Роза-Анна краешком глаза наблюдала за ним. Она понимала, что он просто не заметил, как нервничала Флорентина в последнее время, что он даже и не подозревал о той драме, которая, возможно, разыгрывалась в ее жизни, что он ничего не видел, ни о чем не догадывался, и никогда еще она так не колебалась, порицать ли его или жалеть. В последние дни он словно освободился от какого-то гнетущего бремени. Походка его стала решительнее и тверже. Иногда лицо его омрачалось, но стоило ему заметить, что за ним наблюдают, как взгляд его становился уклончивым и непроницаемым. Он словно таил какую-то скрытую надежду, думала Роза-Анна. И то, что он, невзирая на возраст и на все преследовавшие его неудачи, мог еще так упорно на что-то надеяться, порой раздражало бедную женщину даже больше, чем сознание, что муж не делится с ней своими мыслями. Раз-другой она застигла его врасплох, когда он разговаривал сам с собой: «Ничего иного не остается. Надо решаться». Когда же она спросила, о чем он говорит, Азарьюс одним рывком поднялся с места и без тени смущения шутливо сказал: «Не мешай, не мешай, Роза-Анна. Скоро ты сама все узнаешь. У нас будут деньги — и все пойдет хорошо».
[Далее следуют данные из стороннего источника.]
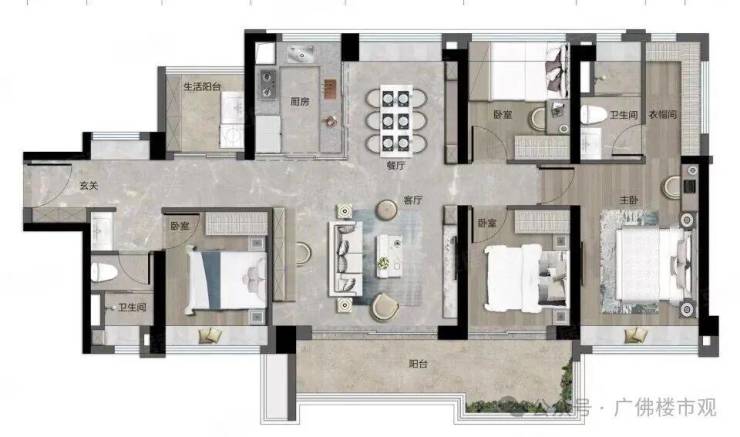 ·亮点: 通常采用南北对流设计,拥有独立入户玄关和超宽景观阳台。四开间朝南,采光面极佳。主卧套房空间更为阔绰,可设置独立衣帽间。
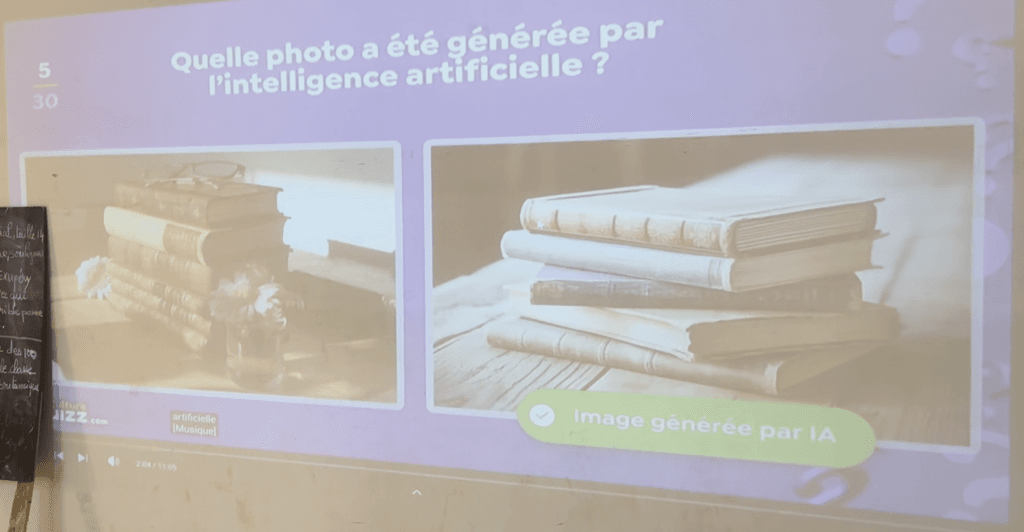 Pour rendre la séance plus ludique, des jeux interactifs ont été organisés. Les élèves ont dû distinguer des images et des vidéos réelles de celles générées par des intelligences artificielles. Ces activités ont suscité beaucoup d’intérêt et ont permis de mieux comprendre à quel point les technologies actuelles peuvent être impressionnantes… mais aussi trompeuses.
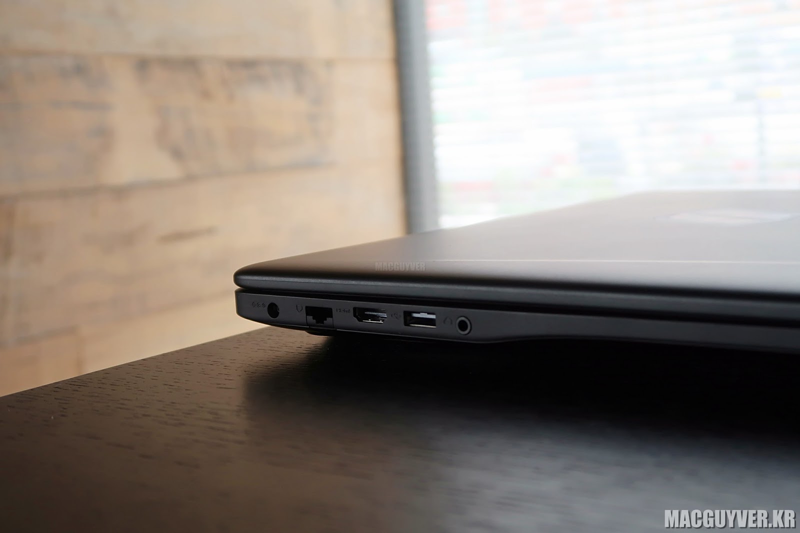 다만, USB-C 타입 커넥터를 통해 좌우 단자 모두에서 전원 코드로 사용이 가능한 요즘의 트렌드와는 달리 일반적인 노트북 충전 단자를 그대로 채택해서 왼쪽에서만 전원 코드의 연결이 가능한 부분은 때때로 불편함이 있을 것 같다는 점에서 아쉬움이 되기도 했습니다.
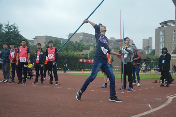 标枪赛场主在席看台的北偏东方向。萧瑟的秋风携带着丝丝的细雨,无法言语的寒风席卷着整个操场。即使是如此严峻的天气,也依然无法阻挡电信学子在运动会上为学院争光的信心,赛场上一幕幕看过来全部都是他们咬牙奋斗的情景,每一次的转身,每一次的投掷,都用尽了全身的力气,这是黄俊康、章上东同学经过不断的训练,与来自各个学院的强敌们竞争,最终取得的来之不易的名次。感谢他们为电信学院所付出的一切!

Когда она видела его подавленным, ее сердце тревожно сжималось. Однако жизнь научила ее, что гораздо больше следует опасаться непостижимой молодости его натуры.

На столе лежала газета — Азарьюс теперь ежедневно покупал газету, а иногда и две. Роза-Анна равнодушно взглянула на нее. И прочла набранный крупным шрифтом заголовок: «БЕЖЕНЦЫ В ПУТИ».

— Как и мы — в пути… всегда в пути… — пробормотала она.

Взгляд ее упал на другую строку, чуть ниже: «НОВЫЙ КОНТИНГЕНТ КАНАДСКИХ ВОЙСК ВЫСАЖИВАЕТСЯ В АНГЛИИ». Она машинально посмотрела на дату. Это была вчерашняя газета — от двадцать второго мая.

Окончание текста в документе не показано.